O Globo
Discussão eleitoral, que hoje gira em torno
da política, vai começar quando os problemas dos candidatos derem espaço para
os problemas do Brasil
Mais alguns meses e o Brasil vai
começar a discutir o seu futuro. Por ora, o barulho eleitoral ocorre apenas em
torno da política. O que se debate agora é se Lula vai melhor com Alckmin de
vice ou se uma chapa puro sangue faz sentido (não faz). Bolsonaro testa seus
generais também de olho em um vice. Ele quer alguém que meta medo. Sim, porque
se Lula quer um confiável, o capitão precisa de um assustador, por isso Braga
Netto entra na lista. Moro fica tateando aqui e ali enquanto Ciro e Doria
permanecem esperando não se sabe bem o que. O fato é que a campanha só vai
começar quando os problemas dos candidatos derem espaço para a discussão dos
problemas do Brasil.
Os candidatos, que hoje apenas apontam defeitos em seus adversários, terão de mostrar como vão agir diante da série de desafios que o país terá de enfrentar depois de superada a pandemia. Todos os muitos pontos da pauta serão trazidos à luz e de nada servirá ao candidato tentar deles se afastar.
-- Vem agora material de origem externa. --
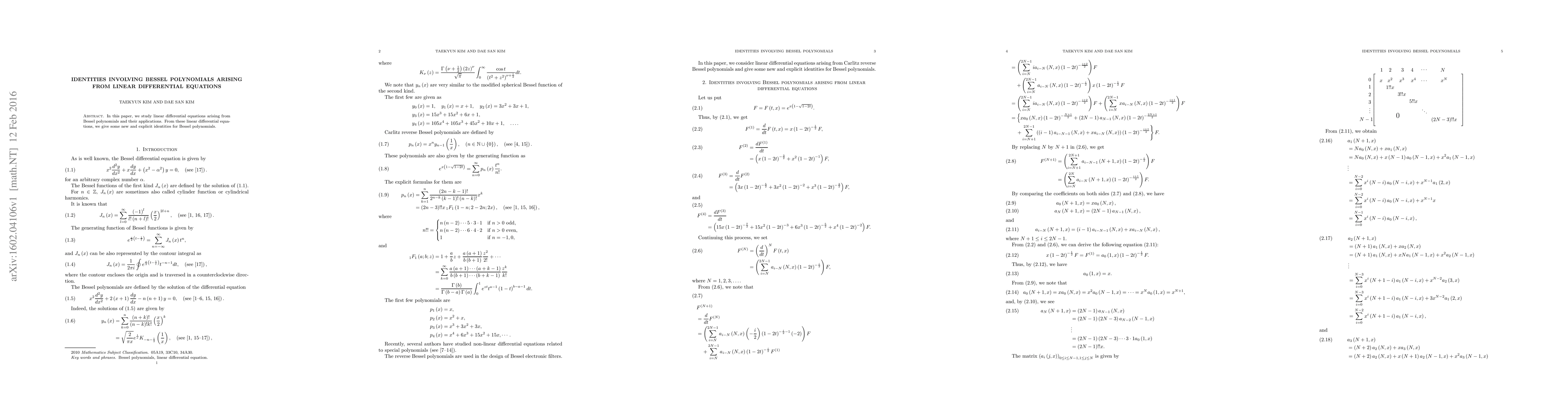 Summary: This paper investigates linear differential equations originating from Bessel polynomials and explores their applications. It presents new explicit identities for Bessel polynomials derived from these differential equations.

Hoje, Lula foge de temas como aborto e combate à drogas de maneira a não perder votos evangélicos. Na campanha para valer ele terá de se posicionar claramente. Da mesma forma, seu principal adversário terá de falar sobre assuntos que não gosta de tratar, como sua relação íntima com a milícia, por exemplo. É assim que funciona uma campanha presidencial.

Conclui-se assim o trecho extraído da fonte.